• **WHAT IS REQUIRED**
What you write must be the lines from the one holding "臺式彩超 便攜彩超 黑白B超 可視人流診療系統 心電圖機/監護儀 醫用X光機" through the final line of the records below, reproduced exactly, minus the pictures.

(Records from a data source)
+ + +

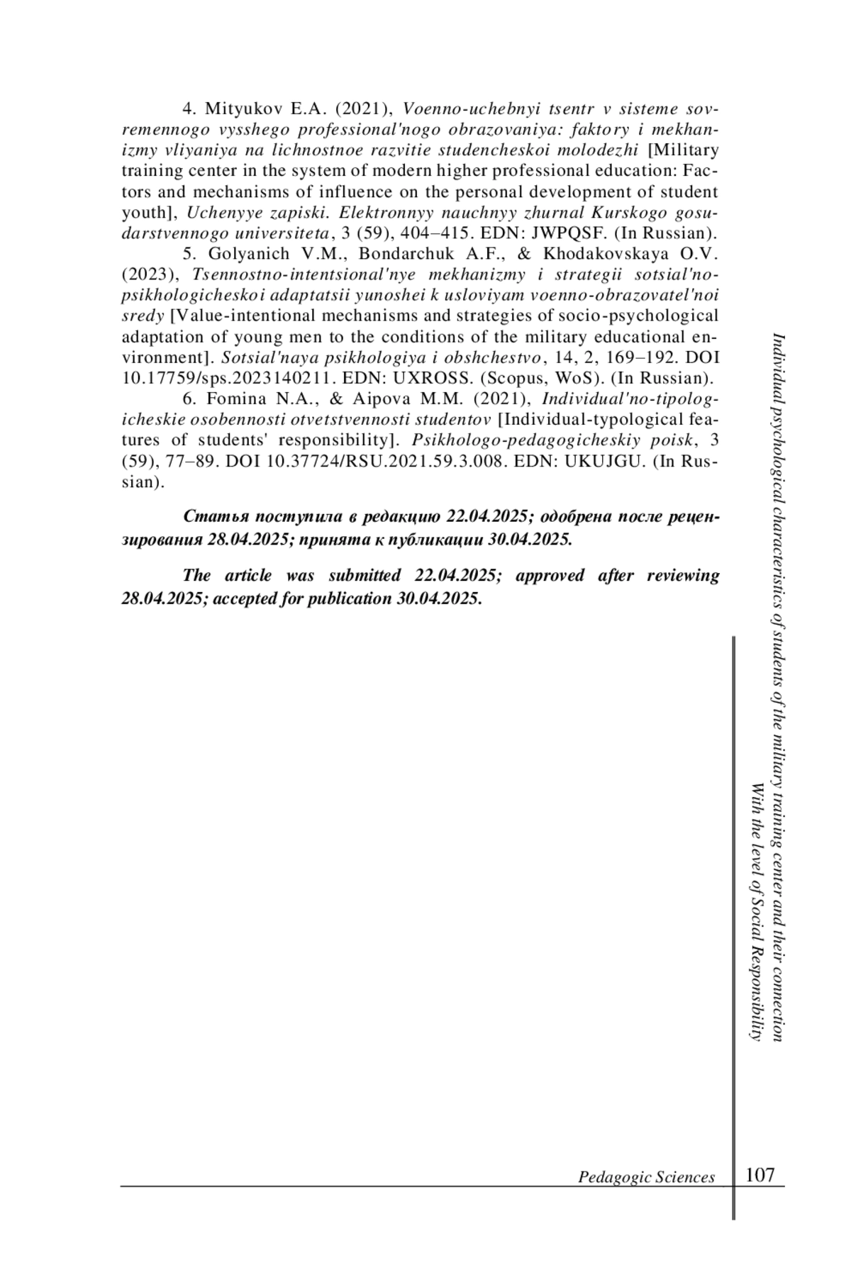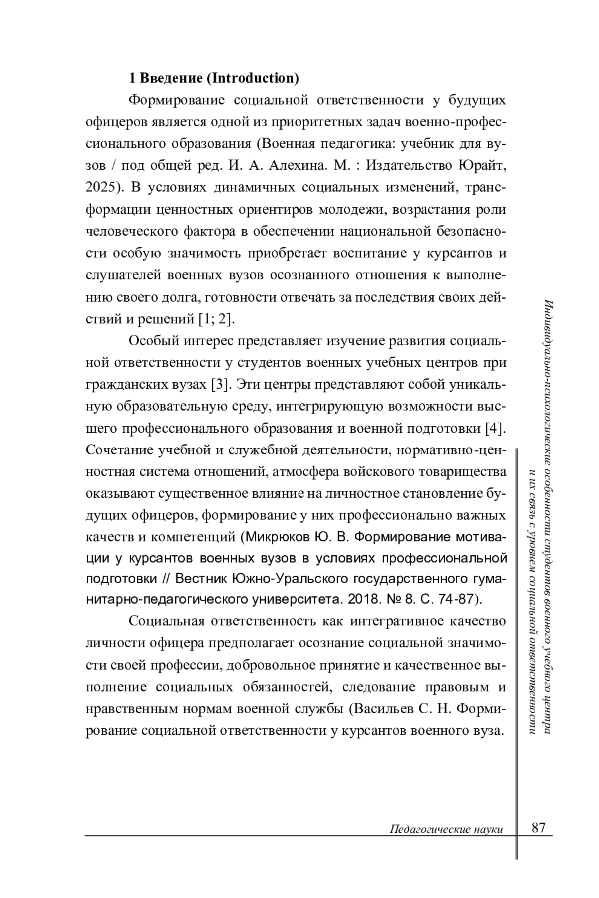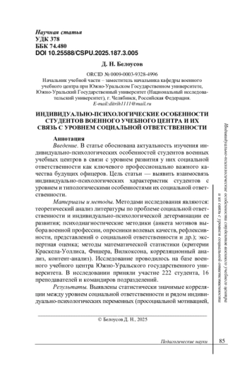 Статья: ИНДИВИДУАЛЬНО-ПСИХОЛОГИЧЕСКИЕ ОСОБЕННОСТИ СТУДЕНТОВ ВОЕННОГО УЧЕБНОГО ЦЕНТРА И ИХ СВЯЗЬ С УРОВНЕМ СОЦИАЛЬНОЙ ОТВЕТСТВЕННОСТИ (2025)
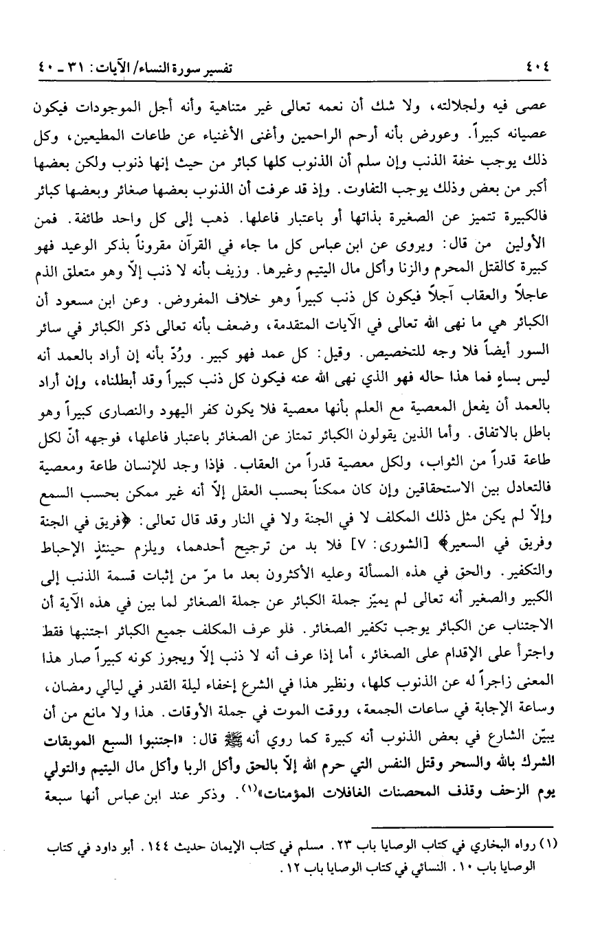 عصى فيه ولجلالته، ولا شك أن نعمه تعالى غير متناهية وأنه أجل الموجودات فيكون عصيانه كبيرا. وعورض بأنه أرحم الراحمين وأغنى الأغنياء عن طاعات المطيعين، وكل ذلك يوجب خفة الذنب وإن سلم أن الذنوب كلها كبائر من حيث إنها ذنوب ولكن بعضها أكبر من بعض وذلك يوجب التفاوت. وإذ قد عرفت أن الذنوب بعضها صغائر وبعضها كبائر فالكبيرة تتميز عن الصغيرة بذاتها أو باعتبار فاعلها. ذهب إلى كل واحد طائفة. فمن الأولين من قال: ويروى عن ابن عباس كل ما جاء في القرآن مقرونا بذكر الوعيد فهو كبيرة كالقتل المحرم والزنا وأكل مال اليتيم وغيرها. وزيف بأنه لا ذنب إلّا وهو متعلق الذم عاجلا والعقاب آجلا فيكون كل ذنب كبيرا وهو خلاف المفروض. وعن ابن مسعود أن الكبائر هي ما نهى الله تعالى في الآيات المتقدمة، وضعف بأنه تعالى ذكر الكبائر في سائر السور أيضا فلا وجه للتخصيص. وقيل: كل عمد فهو كبير. وردّ بأنه إن أراد بالعمد أنه ليس بساه فما هذا حاله فهو الذي نهى الله عنه فيكون كل ذنب كبيرا وقد أبطلناه، وإن أراد بالعمد أن يفعل المعصية مع العلم بأنها معصية فلا يكون كفر اليهود والنصارى كبيرا وهو باطل بالاتفاق. وأما الذين يقولون الكبائر تمتاز عن الصغائر باعتبار فاعلها، فوجهه أنّ لكل طاعة قدرا من الثواب، ولكل معصية قدرا من العقاب. فإذا وجد للإنسان طاعة ومعصية فالتعادل بين الاستحقاقين وإن كان ممكنا بحسب العقل إلّا أنه غير ممكن بحسب السمع وإلّا لم يكن مثل ذلك المكلف لا في الجنة ولا في النار وقد قال تعالى: فَرِيقٌ فِي الْجَنَّةِ وَفَرِيقٌ فِي السَّعِيرِ [الشورى: 7] فلا بد من ترجيح أحدهما، ويلزم حينئذ الإحباط والتكفير. والحق في هذه المسألة وعليه الأكثرون بعد ما مرّ من إثبات قسمة الذنب إلى الكبير والصغير أنه تعالى لم يميّز جملة الكبائر عن جملة الصغائر لما بين في هذه الآية أن الاجتناب عن الكبائر يوجب تكفير الصغائر. فلو عرف المكلف جميع الكبائر اجتنبها فقط واجترأ على الإقدام على الصغائر، أما إذا عرف أنه لا ذنب إلّا ويجوز كونه كبيرا صار هذا المعنى زاجرا له عن الذنوب كلها، ونظير هذا في الشرع إخفاء ليلة القدر في ليالي رمضان، وساعة الإجابة في ساعات الجمعة، ووقت الموت في جملة الأوقات. هذا ولا مانع من أن يبيّن الشارع في بعض الذنوب أنه كبيرة كما
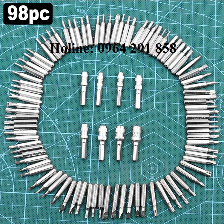 -Với 98 đầu vít khác nhau bộ dụng cụ đảm bảo có thể tương thích với 99.9% các loại ốc trên các đời điện thoại, laptop (điện thoại iPhone 4,5,6,7,8,X,Xs,.. Samsung, Xiaomi, Nokia v.v...
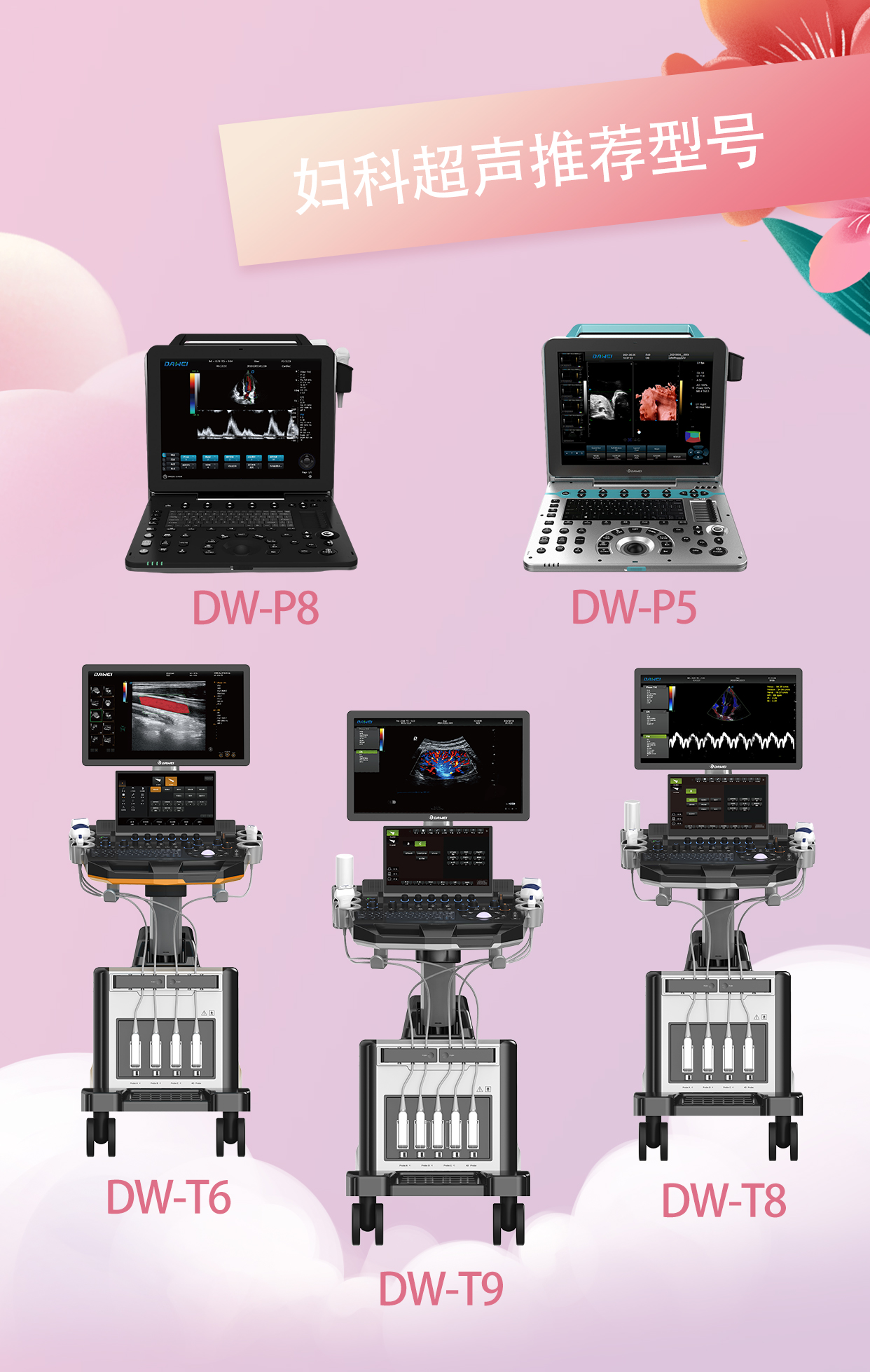臺式彩超 便攜彩超 黑白B超 可視人流診療系統 心電圖機/監護儀 醫用X光機
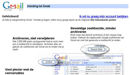 Wanneer alles goed is gegaan wordt je e-mailadres aangemaakt en verschijnt het volgende scherm:
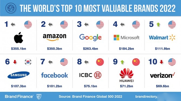 글로벌 브랜드 가치평가 및 전략 컨설팅 기관인 브랜드 파이낸스가 발표한 '2022년 글로벌 500대 브랜드' 보고서에 따르면 삼성전자는 1073억달러(약 129조원)로 월마트에 밀려 6위로 내려앉았다. 반면 화웨이는 712억달러(약 86조원)의 브랜드 가치를 인정받으며 지난해(15위) 대비 6계단 상승한 9위를 차지했다.
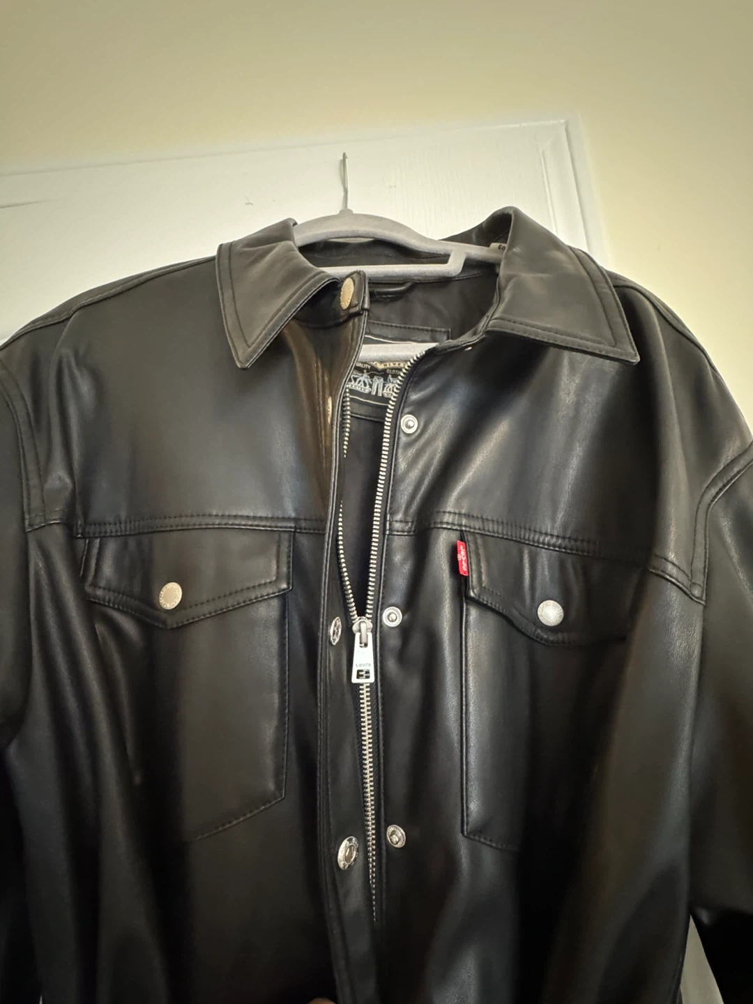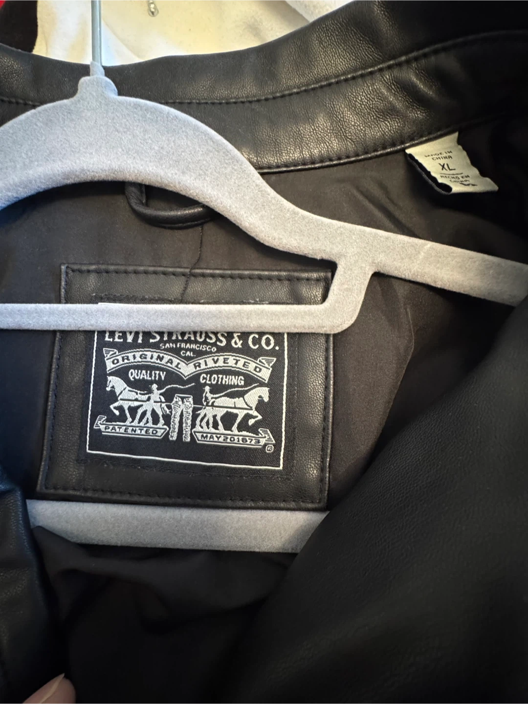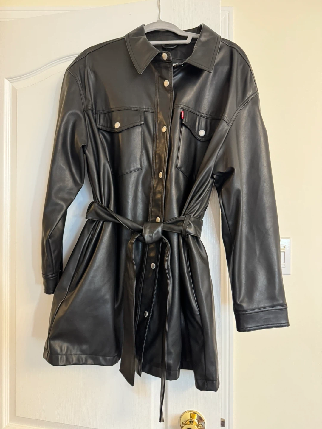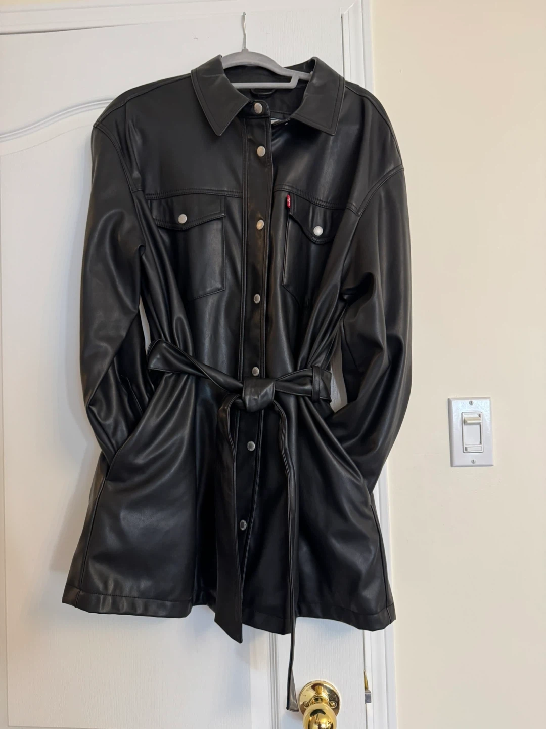 Levi's black faux leather jacket in size XL! This stylish jacket features a belted design and is perfect for adding a chic touch to any outfit. It's in great condition and ready for a new home!

+ + +

• **RESULT OF THIS EXERCISE**
臺式彩超 便攜彩超 黑白B超 可視人流診療系統 心電圖機/監護儀 醫用X光機
 Wanneer alles goed is gegaan wordt je e-mailadres aangemaakt en verschijnt het volgende scherm:
 글로벌 브랜드 가치평가 및 전략 컨설팅 기관인 브랜드 파이낸스가 발표한 '2022년 글로벌 500대 브랜드' 보고서에 따르면 삼성전자는 1073억달러(약 129조원)로 월마트에 밀려 6위로 내려앉았다. 반면 화웨이는 712억달러(약 86조원)의 브랜드 가치를 인정받으며 지난해(15위) 대비 6계단 상승한 9위를 차지했다.
 Levi's black faux leather jacket in size XL! This stylish jacket features a belted design and is perfect for adding a chic touch to any outfit. It's in great condition and ready for a new home!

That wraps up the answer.